TO DO ▸ Read the data and repeat all of it exactly.
(PROVIDED DATA Opens)
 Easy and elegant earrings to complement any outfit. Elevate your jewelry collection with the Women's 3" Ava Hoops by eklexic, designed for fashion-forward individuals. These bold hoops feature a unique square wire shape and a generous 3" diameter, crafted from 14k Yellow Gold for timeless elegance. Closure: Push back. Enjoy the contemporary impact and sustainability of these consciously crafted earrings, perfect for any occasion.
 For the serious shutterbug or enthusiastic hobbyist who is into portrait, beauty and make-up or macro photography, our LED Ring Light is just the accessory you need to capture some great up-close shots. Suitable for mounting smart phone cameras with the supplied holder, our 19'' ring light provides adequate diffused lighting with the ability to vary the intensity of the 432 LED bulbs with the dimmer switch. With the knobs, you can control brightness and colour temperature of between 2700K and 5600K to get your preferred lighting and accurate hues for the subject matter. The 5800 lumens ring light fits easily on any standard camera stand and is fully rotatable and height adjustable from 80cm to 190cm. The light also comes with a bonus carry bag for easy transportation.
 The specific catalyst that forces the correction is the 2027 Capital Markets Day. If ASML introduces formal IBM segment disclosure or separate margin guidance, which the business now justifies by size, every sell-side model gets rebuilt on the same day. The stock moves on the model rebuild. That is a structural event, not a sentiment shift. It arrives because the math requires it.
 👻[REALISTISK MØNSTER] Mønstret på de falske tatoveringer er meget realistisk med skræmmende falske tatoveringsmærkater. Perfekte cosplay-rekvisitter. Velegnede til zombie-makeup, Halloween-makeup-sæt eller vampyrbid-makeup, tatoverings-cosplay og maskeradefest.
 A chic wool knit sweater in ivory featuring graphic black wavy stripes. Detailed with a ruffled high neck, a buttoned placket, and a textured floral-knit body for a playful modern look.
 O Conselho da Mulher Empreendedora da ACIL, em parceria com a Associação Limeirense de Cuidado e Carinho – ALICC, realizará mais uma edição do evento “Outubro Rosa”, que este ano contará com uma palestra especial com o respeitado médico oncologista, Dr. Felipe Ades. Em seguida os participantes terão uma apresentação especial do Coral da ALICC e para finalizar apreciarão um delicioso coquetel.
(PROVIDED DATA Closes)
ANSWER TO THIS PROBLEM ▸
 Easy and elegant earrings to complement any outfit. Elevate your jewelry collection with the Women's 3" Ava Hoops by eklexic, designed for fashion-forward individuals. These bold hoops feature a unique square wire shape and a generous 3" diameter, crafted from 14k Yellow Gold for timeless elegance. Closure: Push back. Enjoy the contemporary impact and sustainability of these consciously crafted earrings, perfect for any occasion.
 For the serious shutterbug or enthusiastic hobbyist who is into portrait, beauty and make-up or macro photography, our LED Ring Light is just the accessory you need to capture some great up-close shots. Suitable for mounting smart phone cameras with the supplied holder, our 19'' ring light provides adequate diffused lighting with the ability to vary the intensity of the 432 LED bulbs with the dimmer switch. With the knobs, you can control brightness and colour temperature of between 2700K and 5600K to get your preferred lighting and accurate hues for the subject matter. The 5800 lumens ring light fits easily on any standard camera stand and is fully rotatable and height adjustable from 80cm to 190cm. The light also comes with a bonus carry bag for easy transportation.
 The specific catalyst that forces the correction is the 2027 Capital Markets Day. If ASML introduces formal IBM segment disclosure or separate margin guidance, which the business now justifies by size, every sell-side model gets rebuilt on the same day. The stock moves on the model rebuild. That is a structural event, not a sentiment shift. It arrives because the math requires it.
 👻[REALISTISK MØNSTER] Mønstret på de falske tatoveringer er meget realistisk med skræmmende falske tatoveringsmærkater. Perfekte cosplay-rekvisitter. Velegnede til zombie-makeup, Halloween-makeup-sæt eller vampyrbid-makeup, tatoverings-cosplay og maskeradefest.
 A chic wool knit sweater in ivory featuring graphic black wavy stripes. Detailed with a ruffled high neck, a buttoned placket, and a textured floral-knit body for a playful modern look.
 O Conselho da Mulher Empreendedora da ACIL, em parceria com a Associação Limeirense de Cuidado e Carinho – ALICC, realizará mais uma edição do evento “Outubro Rosa”, que este ano contará com uma palestra especial com o respeitado médico oncologista, Dr. Felipe Ades. Em seguida os participantes terão uma apresentação especial do Coral da ALICC e para finalizar apreciarão um delicioso coquetel.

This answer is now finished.